Chapter 18 focuses on the design of architecture and algorithms for optimization of network defense systems, specifically firewalls, to aid not only adaptive and real-time packet filtering but also fast content based routing (differentiated services) for today’s data driven networks. It presents various algorithmic and architectural techniques that seek to overcome shortcomings in terms of adaptation, speed of operation (under attack or heavily loaded conditions), and overall operational cost-effectiveness of current network defense systems. Approaches for Tier-I Internet Service Provider networks, and filtering routers are presented to correlate the dynamic metrics and achieve situational awareness required to protect critical network infrastructure and data driven operations over the Internet. The tools proposed also aim to offer the flexibility to include new approaches, and provide the ability to migrate or deploy additional entities for attack detection and defense. The design aspects presented in the proposed automated tool PITWALL assist network administrators in gaining real-time network dynamic information and hence in enhancing the overall security of any typical enterprise network system.

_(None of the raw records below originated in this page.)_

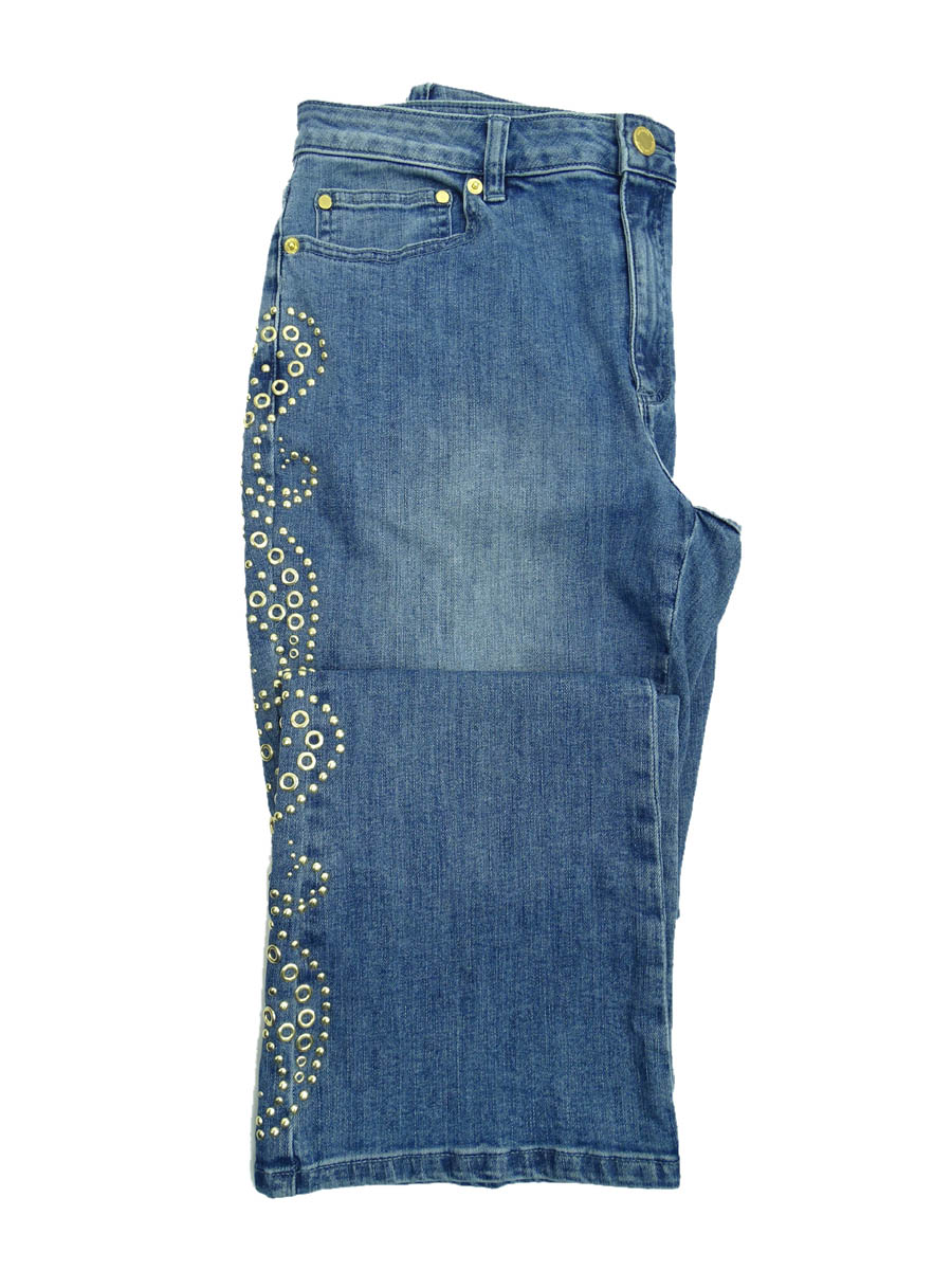 MICHAEL Michael Kors Women's Side-Studded Boot-cut Jeans (8, Blue)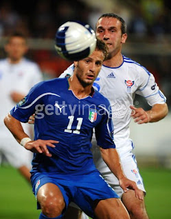 Italy's striker Alberto Gilardino jump for the ball during the Group F
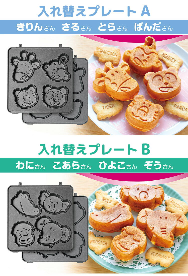 ■商品名:たべっ子どうぶつカステラメーカー 選べるプレート2種付きセット ■サイズ(約):【本体】W150×D240×H110mm/1.2kg【プレート1枚】W140×D150×H15mm/137.5g ■材質・原材料:【本体】フェノール樹脂【プレート】アルミニウム(フッ素樹脂加工) ■セット内容:本体、プレート2種 ■定格電圧:AC100V■定格周波数:50/60Hz■消費電力:650W■温度ヒューズ:240℃■電源コード:約0.9m■交換プレート種類:【プレートA】きりんさん/さるさん/とらさん/ぱんださん【プレートB】わにさん/こあらさん/ひよこさん/ぞうさん ■バリエーション:・プレートAセット(LITH-KDHS-018P-SA)・プレートBセット(LITH-KDHS-018P-SB) ■ブランド名:LITHON(ライソン) ■ご注意: ※商品の色はモニターの具合で実物と若干異なる場合がございます。予めご了承下さい。 ※デザイン、仕様等につきましては、予告なく変更する場合がございます。予めご了承下さい。 ※複数店舗を運営しておりますため、ご注文の入れ違い等で欠品などになってしまう場合がございます。万が一、発送が遅れる場合は、ご注文受付当日中にご案内差し上げます。誠に恐れ入りますがご了承くださいますよう、お願い申し上げます。 ※ご予約・お取り寄せ商品は、ご注文受付後にお客様ご注文分としてメーカーへ発注を致します為、基本的にキャンセルやご返品はお受けできません。たべっ子どうぶつカステラメーカー 選べるプレート2種付きセット たべっ子どうぶつのキャラクターがかわいいカステラに! たべっ子どうぶつのキャラクターがかわいいカステラに! 1度に4キャラクターの顔のカステラが作れるカステラメーカー。材料を入れてふたを閉めるだけの簡単調理。たったの約3分でたべっ子どうぶつのかわいいカステラが焼き上がります。ホットケーキミックスを使用すれば、生地作りも簡単。生地やトッピングをアレンジしたり、お子様と一緒に手作りおやつにチャレンジするのもオススメです。 カステラの作り方 01. 電源を入れて予熱したプレートに生地を流し込みます。02. フタを閉めて約3分待ちます。03. 好みの焼き加減まで焼けたら完成です。<キレイに焼くコツ>※取説に記載の分量で生地を作ることを推奨します。※適量の生地をできるだけ素早く流し入れてフタを閉めると、きれいな形・焼き色に焼き上がりやすくなります。計量カップを使用すると、生地を素早く流し込めます。 アレンジいろいろ 上下半分に切ってクリームやフルーツを挟んだり、パフェのトッピングにすれば、かわいい手作りスイーツのできあがり!いろいろなアレンジが楽しめます。 使いやすさにもこだわりました ● フッ素樹脂加工&着脱式プレートフッ素樹脂加工で焦げ付きにくくなっています。油をひかずに調理できるのでノンオイルでヘルシー。着脱式プレートなので、水洗いできてお手入れ簡単です。● 電源コードすっきり本体の裏面にコードが巻けるので、スッキリ収納できます。● 縦置きコンパクト収納立てて収納できるので、狭いキッチンでも置く場所に困りません。サッと取り出して手軽に使えます。 プレートを交換して更にかわいい仲間たちを増やそう♪ プレートを交換するだけで、かわいいたべっ子どうぶつのカステラを焼くことができます。より焦げ付きにくいWフッ素加工を採用。※Wフッ素加工により、本体のたべっ子どうぶつカステラメーカー(KDHS-018P)に比べて、プレートの色味が濃くなっております。● プレートA … きりんさん/さるさん/ぱんださん/とらさん● プレートB … わにさん/ひよこさん/こあらさん/ぞうさん バリエーション プレートAセット、プレートBセットからお選びください。 たべっ子どうぶつカステラメーカー 関連商品 本体+プレート3種セット 本体+プレート2種セット 本体+プレート1種(単品) 替えプレートA/B(単品) ■検索用キーワード:4573468824144/4573468825356/4573468825363/たべっこどうぶつ/たべっこ動物/ギンビス/アニマル/きりんさん/とらさん/さるさん/ぱんださん/わにさん/ひよこさん/こあらさん/ぞうさん/らいおんくん/かばさん/うさぎさん/ねこさん/カステラベーカー/フッ素加工/コーティング/こびりつきにくい/焦げ付きにくい/プレート着脱/プレート交換/ベビーカステラ/ミニケーキ/パンケーキ/ホットケーキ/お菓子作り/スイーツ/おかし/お菓子/軽食/朝食/おやつ/サンドイッチ/そのまま/挟むだけ/子供が喜ぶ/ロングセラー/おしゃれ/お洒落/オシャレ/スタイリッシュ/デザイン/シンプル/かわいい/おすすめ/オススメ/人気/話題/流行り/注目/口コミ/クチコミ/大反響/大好評/大人気/大評判/インスタ映え/写真映え/SNS映え/インスタグラム/Instagram/映え料理/ホームパーティー/パーティー/誕生日会/クリスマス会/子供会/子ども会/クリスマスパーティー/お家カフェ/家カフェ/おうちカフェ/おうち時間/正規販売店/正規販売品/正規店/正規品/プレゼント/ギフト/贈り物/お祝い/誕生日/バースデー/クリスマス/バレンタインデー/ホワイトデー/新生活/結婚祝い/母の日/父の日 /プチギフト/おもた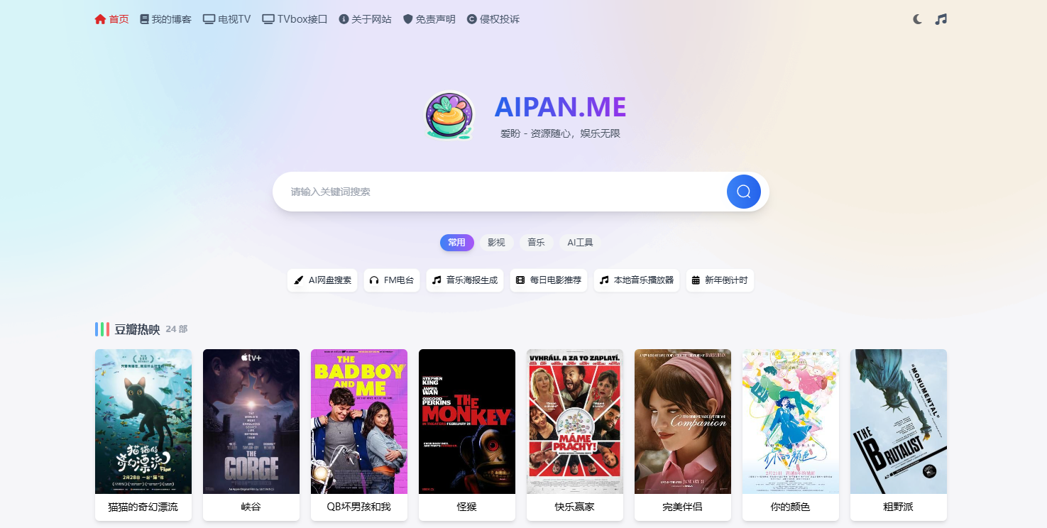 官方网站连接(缺点有广告):AIPAN.ME - 网盘资源搜索引擎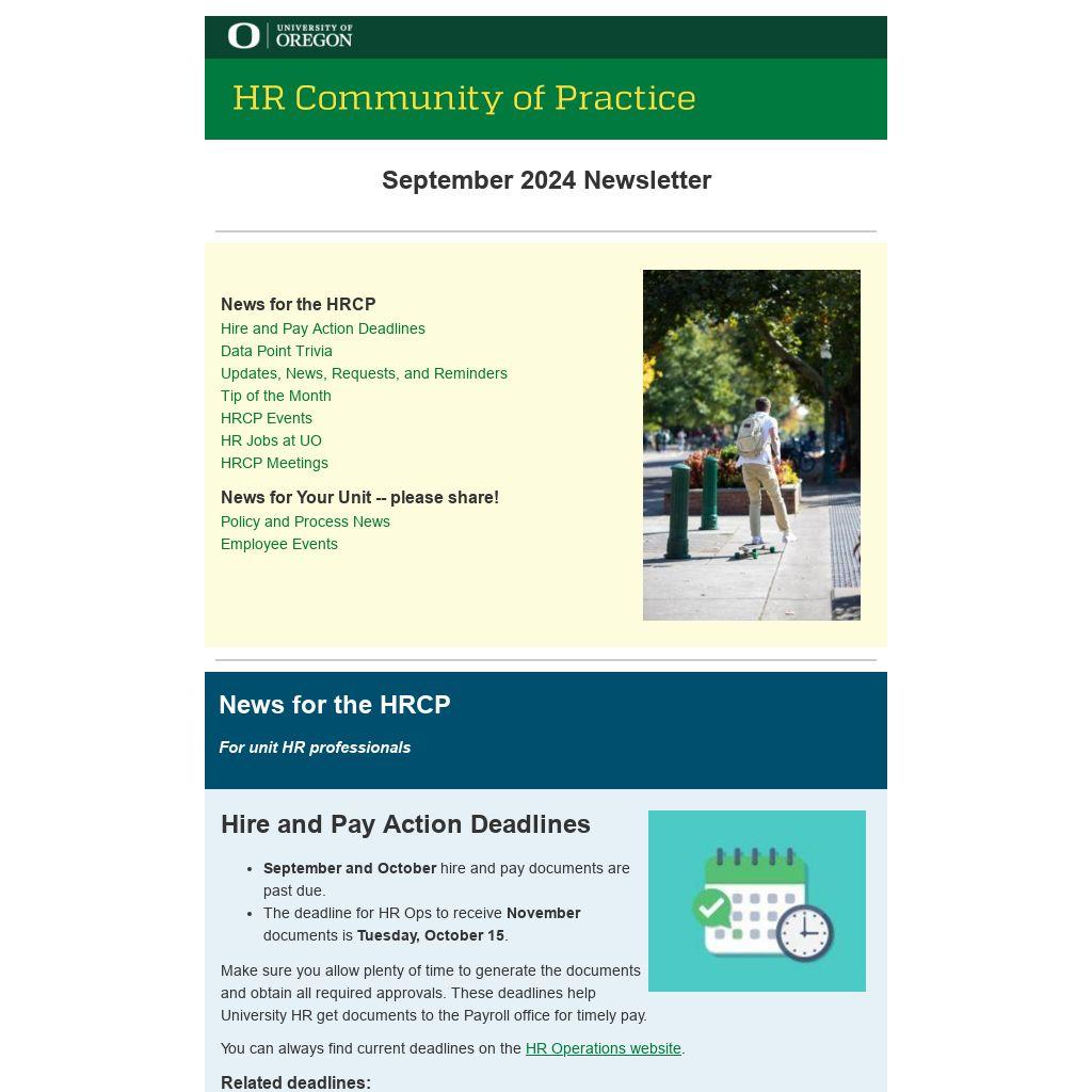 HR Operations and Payroll reminders: Make sure you take another look at the reminders from our September HRCP meeting. Important items include student employee to-dos, notifying HR Ops of department head and other faculty union exclusions, and a clarification on PERS retirement date vs. job termination date.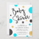 Polka Dot Blue & Gold Baby Shower invitations with "Baby Shower" in friendly handwritten script and big aqua blue, jewelled gold and black polka dots floating around in a chic and fashionable design. Perfect invitations for bright, modern boy baby showers.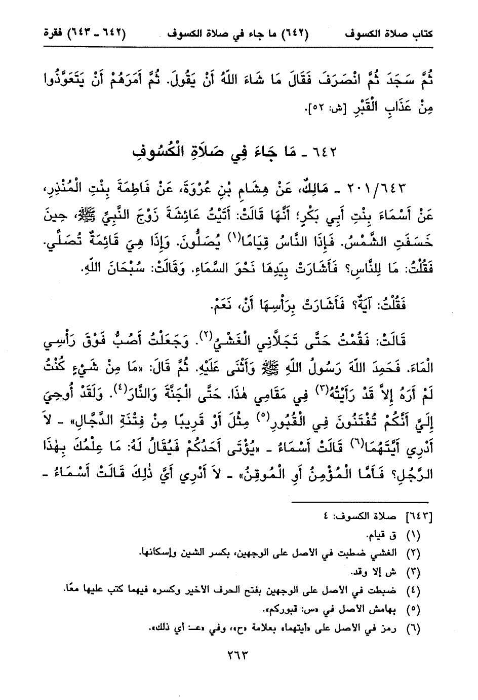 ٦٤٣/ ٢٠١ - مَالِكٌ، عَنْ هِشَامِ بْنِ عُرْوَةَ، عَنْ فَاطِمَةَ بِنْتِ الْمُنْذِرِ، عَنْ أَسْمَاءَ بِنْتِ أَبِي بَكْرٍ؛ أَنَّهَا قَالَتْ: أَتَيْتُ عَائِشَةَ زَوْجَ النَّبِيِّ صلى الله عليه وسلم، حِينَ خَسَفَتِ الشَّمْسُ. فَإِذَا النَّاسُ قِيَاماً (١) يُصَلُّونَ. وَإِذَا هِيَ قَائِمَةٌ تُصَلِّي. فَقُلْتُ: مَا لِلنَّاسِ؟ فَأَشَارَتْ بِيَدِهَا نَحْوَ السَّمَاءِ. وَقَالَتْ: سُبْحَانَ اللهِ.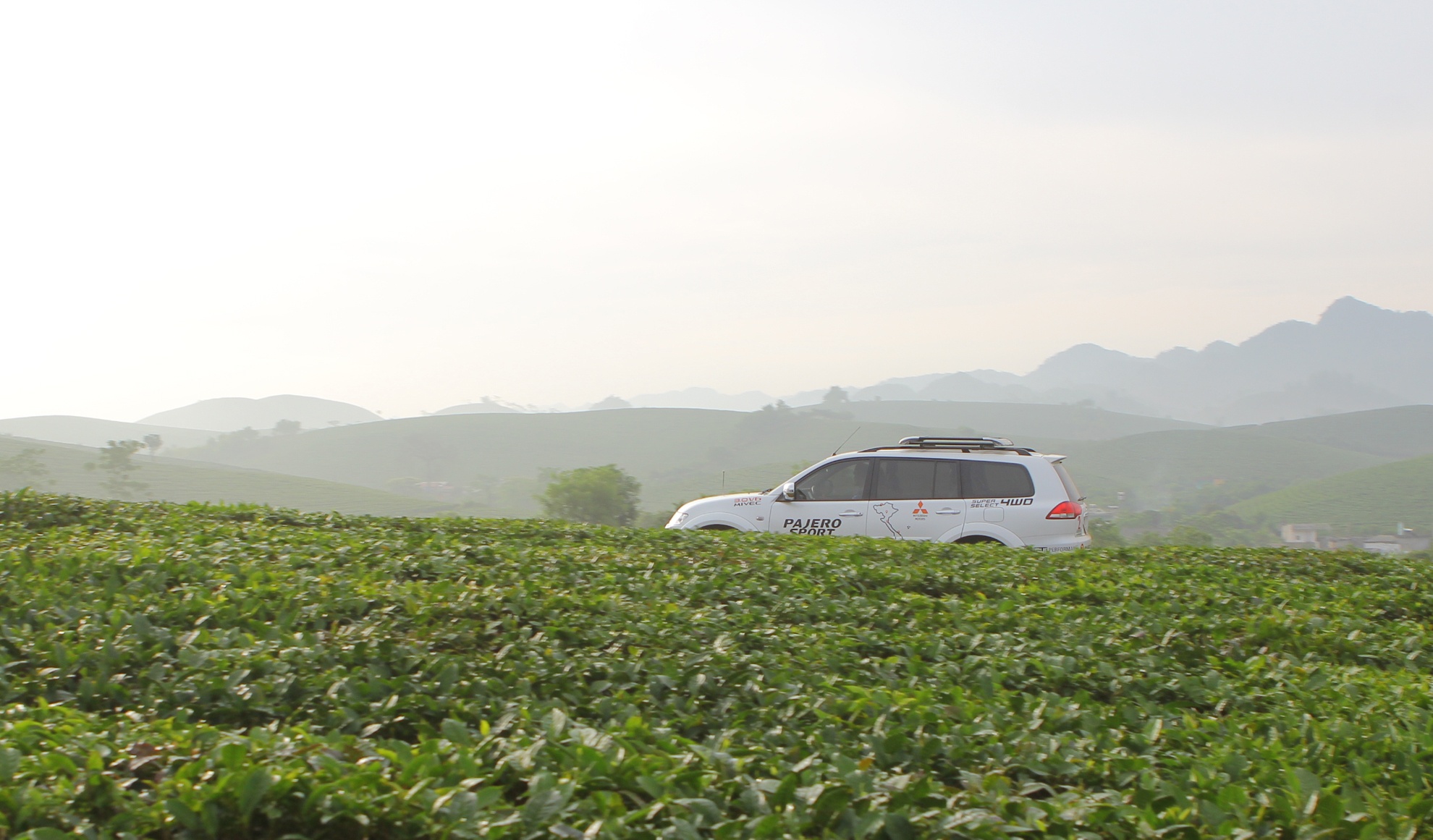 Trên các đoạn đường đất đá khu vực đồi chè nông trường Mộc Châu, nhờ khoảng sáng gầm xe tốt và hệ dẫn động hai cầu, Pajero Sport cho khả năng leo đồi khá ấn tượng. Hệ thống Super Select cho khả năng chuyển cầu từ chế độ 2H sang 4H, 4HLc ngay cả khi đang di chuyển.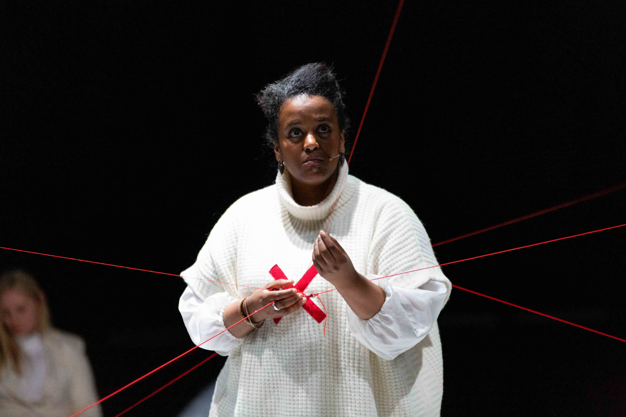 Stemmekunstner Sofia Jernberg bliver tidligt i forestillingen placeret i midten af cirklen, hvor seks røde tråde fastgjort til hendes bryst og ryg holder hende fanget. Trådene kan oplagt ses som hjertestrenge, de bånd, der knytter os til de mennesker, vi elsker. Men de virker mere som et fængsel, noget, der binder Jernberg fast. Strengeinstrumenterne akkompagnerer hendes sangpassager, der primært består af lange linjer, der gentager de samme ord, ved at slå på deres strenge med buen. Især på viola d’amoren med dens 14 metalstrenge klinger det for mig hult – som udspændte hjertestrenge, der klinger i en hul krop.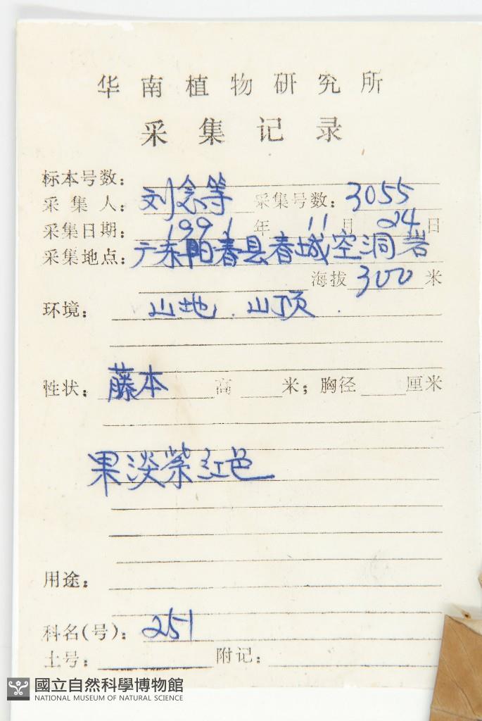 Collector's No.:劉?3055

As a starting point for the development of a common visualization of the forensics process by the members of an investigating team, chapter 19 provides algorithms that provide guidance and step by step instructions on how to deal with computer forensics and the investigations they carry out. A general introductory overview of computer forensics is provided, and then the framework of a forensic investigation is summarized. On the basis of this framework, three algorithms are provided, one for each phase of a forensic investigation, which cover the different aspects of computer forensics and address key elements to be considered when attacked systems are investigated. Algorithms that provide a complete model of the forensics process are unlikely to be created, but they are a starting point, from which additional guidance can be provided to analysts on the basis of their particular expertise that leverages their existing understanding of the workspace.